## Brief
Copy task, pictures excluded: set down exactly the lines from the one containing "করুন। পরীক্ষা দিন।" to the end of the data below.

## Source material

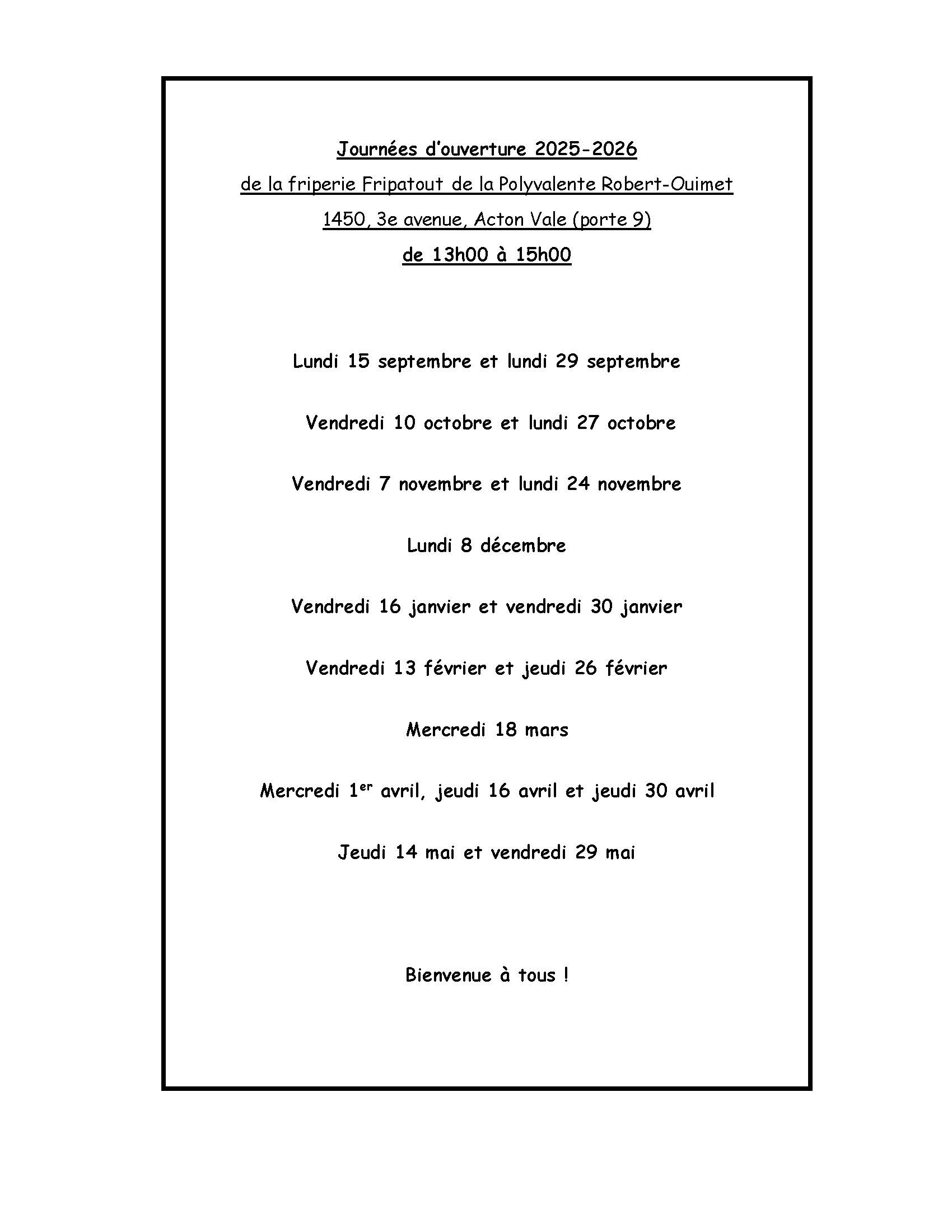 De plus, la friperie ouvre ses portes au public quelques fois par année lors des journées pédagogiques. Surveillez le journal La Pensée de Bagot et Radio-Acton pour les dates à venir.
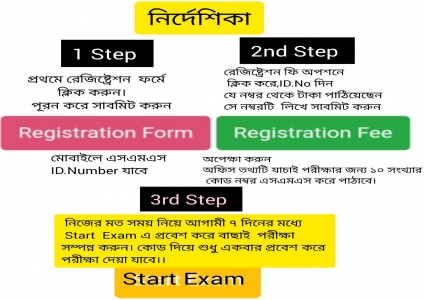* রেজিষ্ট্রেশন ফরম পূরণ করে পরীক্ষার ফি জমা দিন,পরীক্ষার কোড নম্বর সংগ্রহ করুন। পরীক্ষা দিন।
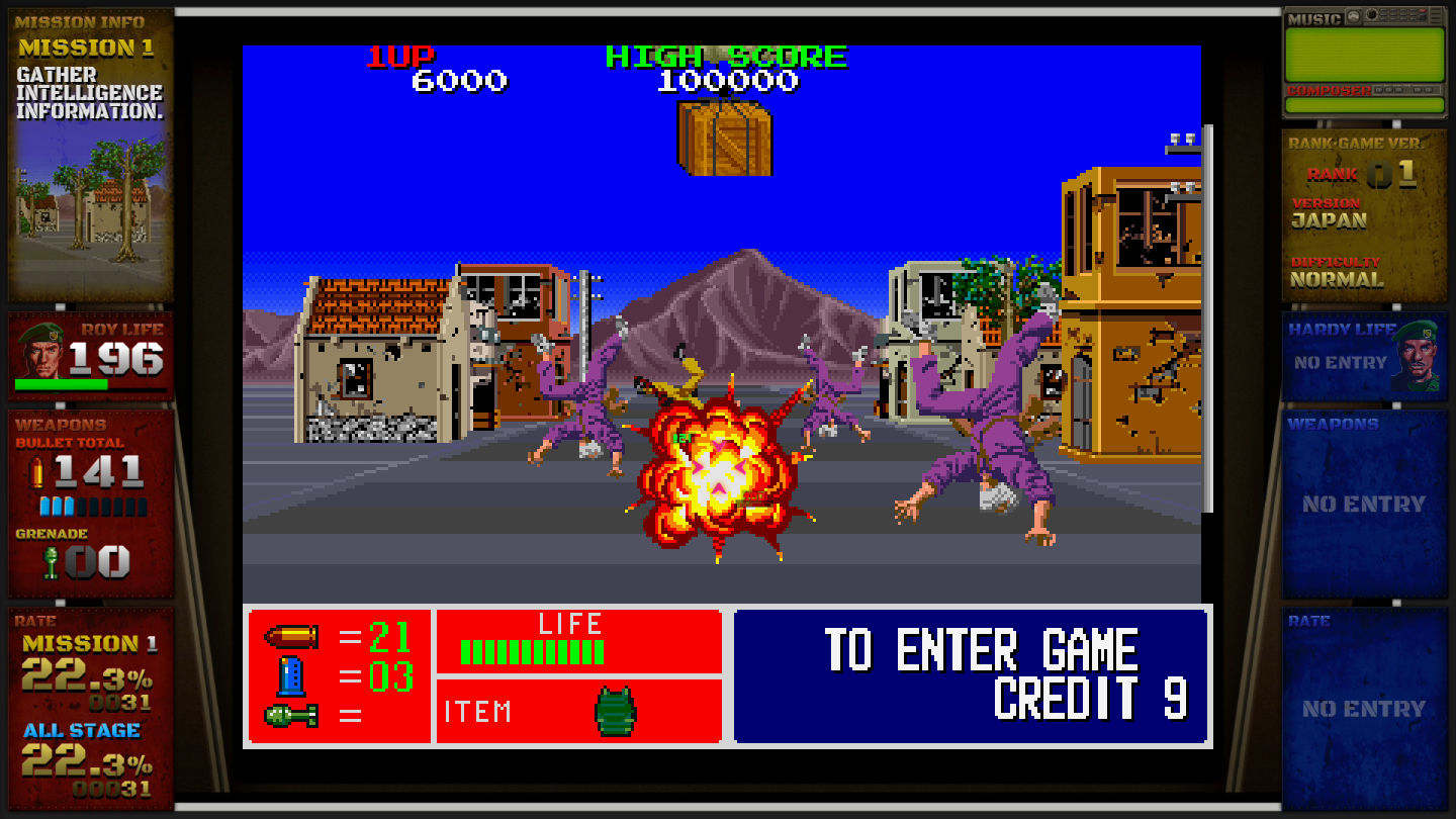 1987 年採用光線槍操作方式的街機射擊遊戲。手持連發機槍與火箭筒,單槍匹馬潛入敵軍基地,營救被囚禁於收容所的人質並帶他們逃出生天吧!作戰代號「狼作戰(Operation Wolf)」的任務絕不容許失敗!
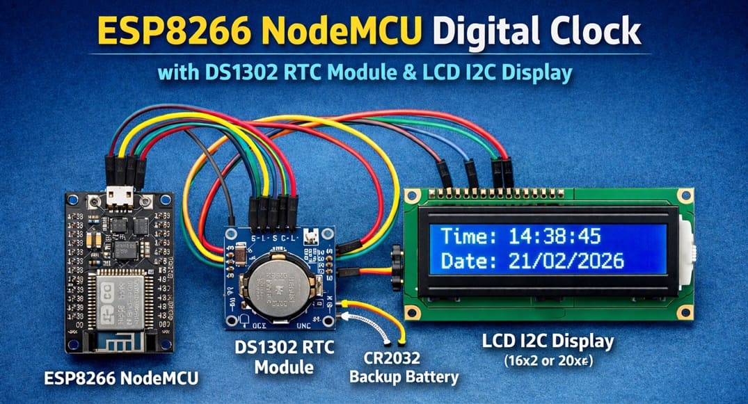 The ESP8266 NodeMCU is a microcontroller. It acts as the main controller of the project. Its role is to communicate with the DS1302 RTC module to read the current time and date, process the data, and send it to the LCD I2C display.
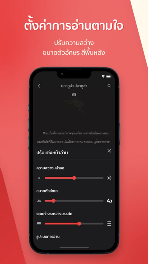 - ตั้งค่าการอ่านดั่งตาฝัน ปรับความสว่าง ขนาดตัวอักษร สีพื้นหลัง ปัดซ้าย-ขวา บน-ล่าง ตามใจถนัด

## Finished exercise
* রেজিষ্ট্রেশন ফরম পূরণ করে পরীক্ষার ফি জমা দিন,পরীক্ষার কোড নম্বর সংগ্রহ করুন। পরীক্ষা দিন।
 1987 年採用光線槍操作方式的街機射擊遊戲。手持連發機槍與火箭筒,單槍匹馬潛入敵軍基地,營救被囚禁於收容所的人質並帶他們逃出生天吧!作戰代號「狼作戰(Operation Wolf)」的任務絕不容許失敗!
 The ESP8266 NodeMCU is a microcontroller. It acts as the main controller of the project. Its role is to communicate with the DS1302 RTC module to read the current time and date, process the data, and send it to the LCD I2C display.
 - ตั้งค่าการอ่านดั่งตาฝัน ปรับความสว่าง ขนาดตัวอักษร สีพื้นหลัง ปัดซ้าย-ขวา บน-ล่าง ตามใจถนัด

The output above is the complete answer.